Soil moisture like temperature showed an increase in AC and OW soils (Fig. 3. 2) though their relationship was inverse (Table. 3. 7). The moisture retaining capacity is controlled primarily by the number of pores and their size distribution and the specific surface area of the [...] soils (Haynes and Naidu, 1998). Further, total pore space is typically increased by the addition of organic matter owing to increased aggregation (Sanchez et al., 1989). Though the AC and OW soils received organic matter in varied forms, the data on soil moisture and TOC did not yield a significant positive linear relationship. Therefore the high moisture retention capacity of these soils is presumably due to the physical nature (Cosby et al., 1984) rather than contamination.

3. 2. pH and EC:
      AC soils generally exhibited an acidic tendency in all the seasons (Table. 3. 2) probably due to the reason that the soils received continuous application of synthetic fertilizers and manure. Significant positive correlation could be drawn out in the present study between soil pH and nutrients particularly P and K (Table. 3. 7) confirming soil nutrients as a factor determining pH in soil. Increase in soil acidification due to long-term application of large amount of fertilizers and manures in a vegetable cropped soil has been reported earlier by Ju et al. (2007). In general, the industrially contaminated (IC) soils showed an alkaline range of pH. The results suggest a more pronounced increase over control in petrochemical contaminated soil (Fig. 3. 3) in contrast to the earlier finding of Ekundayo and Obuekwe (2000) who observed a low value for soil quality parameters including EC, exchangeable cations, total N and available P in an oil spill site of the Niger Delta basin of Nigeria. Li et al. (2000) found a near neutral pH (6.0 ± 7.0) in a petrochemical contaminated soil in Zihe valley in eastern China. Among IC soils, the soil contaminated with lime showed an increase (more alkalinity) over control. This is in line with the finding of Tomko and Hall (1986) that liming material when added increase the pH of the surface layer of soil. Changes in soil pH due to contamination of lime sludge have been reported earlier (Medhi et al., 2005). The OC soils recorded an acidic to neutral pH which appeared to be due to organic humic acids that are formed from the decay of organic matter in the waste (Krishna et al., 2005).

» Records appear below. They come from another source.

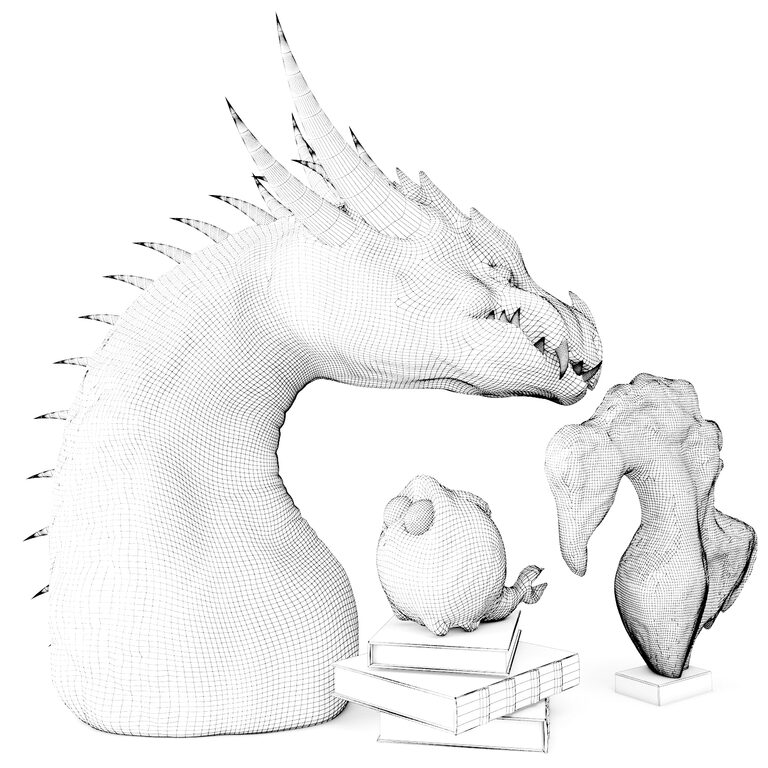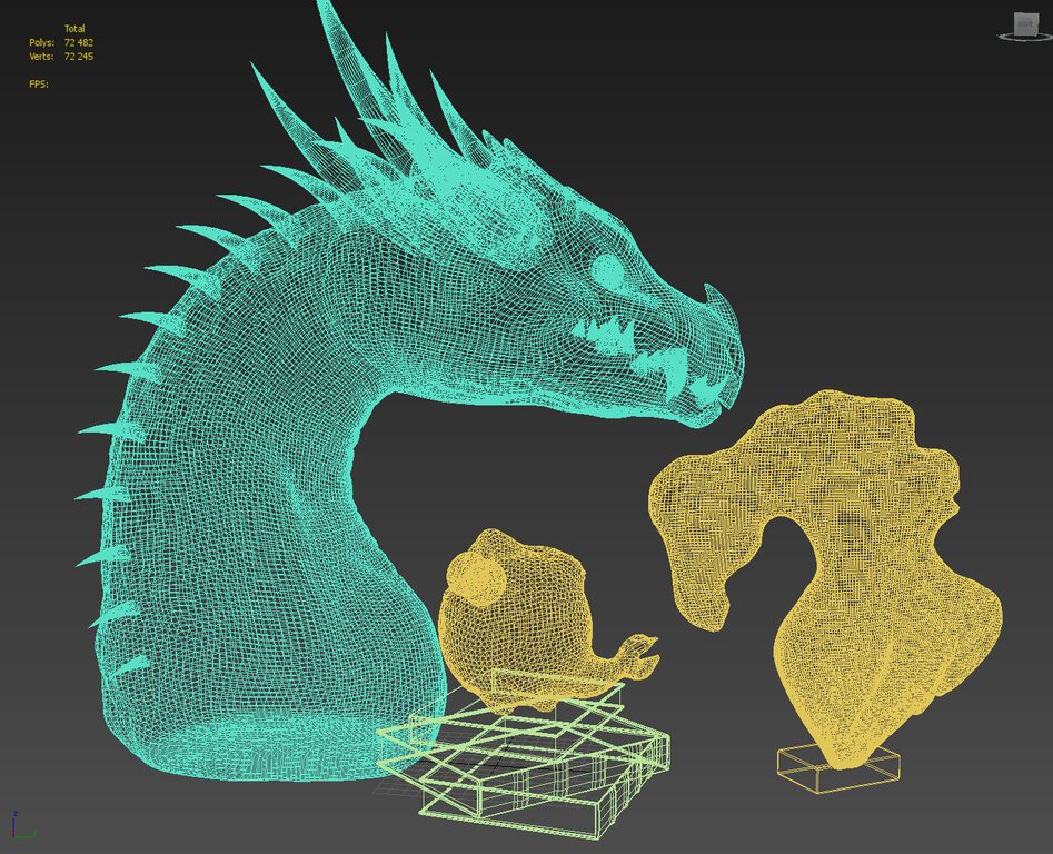龙首和金鱼雕塑室内装饰品素材之家精选3D模型
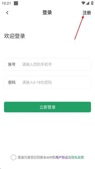 3、在登录页面,点击右上角的注册选项,进入注册页面。
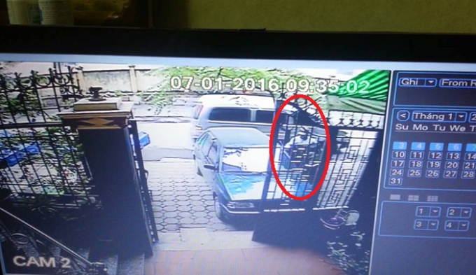 Tất cả những hàng động của đối tượng trộm chiếc xe chở vàng của hộ gia đình ông Vũ Đức Phi đều đuợc một camera của gia đình ông này ghi lại.
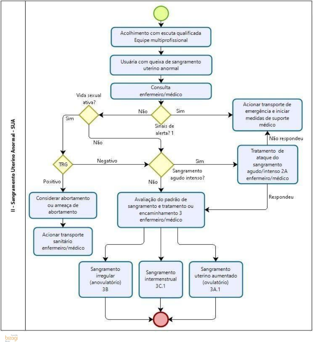 II - SANGRAMENTO UTERINO ANORMAL Fonte: Protocolos da Atenção Básica: Saúde das Mulheres/MS, ISL, 2016, adaptado para a SESDF. 1. Sinais de alerta para hipovolemia: letargia, taquipneia, pele fria e pegajosa, pulsos fracos e filiformes, diminuição do débito urinário. 2. Manejo clínico do sangramento uterino 2A) Tratamento de ataque*: *Enfermeiro/Médico 2B) Tratamento de manutenção**: Agente Posologia Redução esperada do sangramento Contraindicações Anticoncepcional oral combinado (etinilestradiol 0,03mg + levonogestrel 0,15mg) 1 cápsula ao dia, por 21 dias. 43% História de trombose arterial ou venosa, migrânea com aura, diabetes mellitus com alterações vasculares, doença hepática grave. Acetato de medroxiprogesterona oral 10 mg/dia do 5º ao 26º dia. 83% Presença ou histórico de tromboflebite, distúrbios tromboembólicos e cerebrovasculares. Insuficiência hepática grave. Presença ou suspeita de neoplasia mamária ou de órgãos genitais. **Médico 3. Avaliação do padrão de sangramento 3A) Sangramento uterino aumentado (ovulatório) 3A.1) Funcional (causa endometrial, anteriormente denominado sangramento uterino anormal). Decorre de alterações na hemostasia endometrial, não estando associado à lesão orgânica ou gravidez. Podem também estar presentes miomas ou outras alterações anatômicas como achado casual, sem estes serem a causa do sangramento. Por esse motivo, o sangramento uterino aumentado geralmente é tratado clinicamente como sendo de causa funcional antes de proceder à investigação de lesões orgânicas. Utilizando-se o manejo clínico 2. 3A.2) Miomatose uterina Os miomas que estão associados a sangramento uterino geralmente são submucosos ou tem componente que altera a cavidade uterina. Suspeitado pelo padrão de sangramento e pelo volume uterino aumentado na palpação ou toque bimanual. Diagnóstico pela ultrassonografia. Inicialmente manejo clínico 2 para sangramento funcional. Tratar anemia, se houver. Se refratário, encaminhar para avaliação no Serviço de AAE quanto à indicação de cirurgia. Agente Posologia Contraindicação Anticoncepcional oral combinado (etinilestradiol 0,03mg + levonogestrel 0,15mg) 1 cp, de 6/6 horas, por5 dias. A partir de então, 1 por dia. História de trombose arterial ou venosa,migrânea com aura, diabetes mellitus com alterações vasculares, doença hepática grave e/ou ativa, trombofilias. AINE Ibuprofeno 600mg de8/8 horas, por 5 dias. História de úlcera péptica ativa, uso concomitante de anticoagulantes, distúrbios da coagulação, doença renal. Ácido tranexâmico cp 250mg (médico) 500 mg, de 8/8 horas, até cessar o sangramento. Máximo de 7 dias. Coagulação intravascular ativa, vasculopatia oclusiva aguda e em pacientes com hipersensibilidade aos componentes da fórmula 3A.3) Adenomiose Frequentemente acompanhada de dismenorreia ou dor pélvica crônica. Suspeitado pelo padrão de sangramento e pelo volume uterino aumentado na palpação ou toque bimanual. Diagnóstico suspeitado pela ultrassonografia, porém apenas confirmado no anatomopatológico. Inicialmente manejo clínico 2. Tratar anemia, se houver. Se refratário, encaminhar para avaliação no Serviço de AAE quanto à indicação de cirurgia. 3A.4) DIU de cobre Sangramento mais intenso nos primeiros 3 meses após a inserção, acompanhado de dismenorreia. Orientar quanto à benignidade do aumento do fluxo menstrual e das cólicas. Se necessário, associar AINE nos primeiros meses durante o sangramento menstrual. Se persistente, considerar a remoção do DIU. (Fluxograma “Desejo de Contracepção”). 3A.5) Coagulopatias Suspeitar em mulheres com sangramento uterino aumentado desde a adolescência, com história familiar de coagulopatias ou com história de hemorragia pós-parto ou sangramentos frequentes (epistaxe, equimoses, sangramento gengival, etc.). Testes iniciais: hemograma, plaquetas, TP e TTPa. Se exames alterados, encaminhar ao Serviço de AAE para investigação adicional. 3B) Sangramento uterino irregular (anovulatório) 3B.1) primeiros anos após menarca - adolescência O sangramento uterino irregular é um padrão menstrual muito frequente em adolescentes nos primeiros anos após a menarca, frequentemente acompanhado de dismenorreia. Descartadas as hipóteses de coagulopatias e alterações anatômicas, apenas orientar sobre a benignidade dos fluxos irregulares já é suficiente. Se dismenorreia muito intensa, considerar associar AINE durante a menstruação. Oferecer contraceptivo oral combinado, respeitando os critérios de elegibilidade, caso haja fluxo menstrual excessivo. Caso tenha vida sexual ativa ou estar próxima de iniciar, orientar a contracepção para gravidez. Realizar diagnostico diferencial de violência sexual em casos de lesão vulvar. 3B.2) Climatério Sangramento uterino irregular (anovulatório) é o padrão menstrual dos anos que antecedem a menopausa. Orientar fisiologia e cuidados no climatério. Atentar para o manejo clínico de outros sintomas relacionados ao climatério fluxograma “Sintomas Climatéricos”. Se sangramento aumentado, considerar iniciar contraceptivo oral na pré-menopausa, respeitando os critérios de elegibilidade. 3B.3) Síndrome do Ovário Policístico (SOP) Suspeitar na presença de ciclos menstruais irregulares, associados ou não a sobrepeso/obesidade, com sinais de hiperandrogenismo (acne, hirsutismo, alopecia androgenética). O ultrassom transvaginal, pode identificar microcistos no ovário. Orientar atividade física regular, PIS, reeducação alimentar e tratamento para SOP. Considerar encaminhamento para o Serviço de AAE. 3B.4) Hipotireoidismo Pesquisar outros sintomas de hipotireoidismo. Achados laboratoriais: TSH aumentado e T4 livre diminuído ou TSH≥10, independente do T4 livre. Considerar também hipotireoidismo subclínico e TSH aumentado, porém com o T4 livre normal. Manejo com reposição de levotiroxina (médico). 3B.5) Hiperprolact

      [...] Soil EC was significantly affected by OW contamination which showed a general increase over control in all sites irrespective of season (Fig. 3. 4), but its relationship with pH was negative (Table. 3. 7). The increase in EC might be due to the release of salts of Ca, Mg and Na into the soil from organic wastes (Krishna et al., 2005) as leachate. However, offering such comments need more in depth investigations.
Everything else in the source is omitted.